Literatura
Há quem diga que não se pode inventar o dom, que determinada dose de criatividade é inerente a cada ser humano. Até pode ser. Mas quem disse que o dom tem que despertar ou ser exercido desde cedo? Pelo menos seria esta a pergunta que o escritor irlandês Frank McCourt faria a quem o interrogasse acerca de suas aspirações.
Seu primeiro romance (e inesquecível obra-prima) "As Cinzas de Angela" (Editora Objetiva), vencedor do prestigioso Prêmio Pulitzer, completa, este ano, 10 anos de publicação. Ao ser lançado, McCourt já era um idoso de 66 anos de idade. "As Cinzas de Angela" engrossa a lista de grandes obras contemporâneas provenientes da Irlanda. Talvez seja este país, atualmente, o mais fértil celeiro de autores de língua inglesa do mundo. Seu primeiro romance retrata a história de uma família que, em plena Grande Depressão, faz o caminho inverso de migração: sai do Brooklyn, EUA e volta a Limerick, Irlanda.
Se a situação da pobreza no Brasil assusta a muitos, McCourt faz ela parecer quase nada perto do que os irlandeses sofreram, castigados ainda por cima pelo clima frio e úmido. Como se trata de um texto de memórias, assim como os dois livros que o escritor lançaria depois (não existem no Brasil; chamam-se "´Tis" e "Teacher Man"), o narrador-personagem é em primeira pessoa. Ele começa criança e termina o livro um jovem com pouco menos que 20 anos. E é justamente daí que vem a principal força-motriz de "As Cinzas de Ângela" - a prosa, repleta de lirismo, é extremamente impressionista.
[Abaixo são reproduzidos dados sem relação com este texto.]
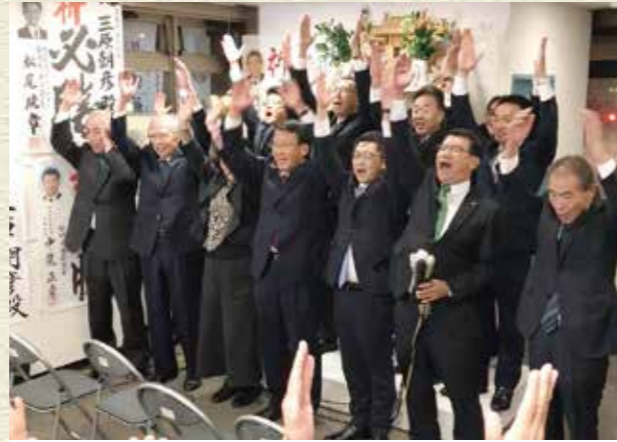
平成29年10月 衆議院選挙 選挙対策本部長として

Muitas vezes, o narrador não precisa descrever o que está acontecendo com fidelidade; basta que enxerguemos os fatos pelos seus olhos para que sintamos o mesmo que ele e saibamos o que se passou. McCourt usa um artifício que, dizem (nunca li), pode ser encontrado nos livros de Saramago: frases longas e sem pontuação. Os diálogos são todos colocados na forma direta, mas jamais existem aspas, travessão ou qualquer elemento desse tipo. O pequeno Frank nos conta tudo o que aconteceu como se escrevesse diretamente para cada um de nós e tornasse a experiência para o leitor obrigatoriamente viceral. Daqui a algumas décadas, vai ser lembrado como um dos grandes da literatura universal.
P.S.: O livro ganhou uma adaptação para o cinema pelas mãos de Alan Parker, mas, infelizmente, o resultado é infinitamente inferior ao livro.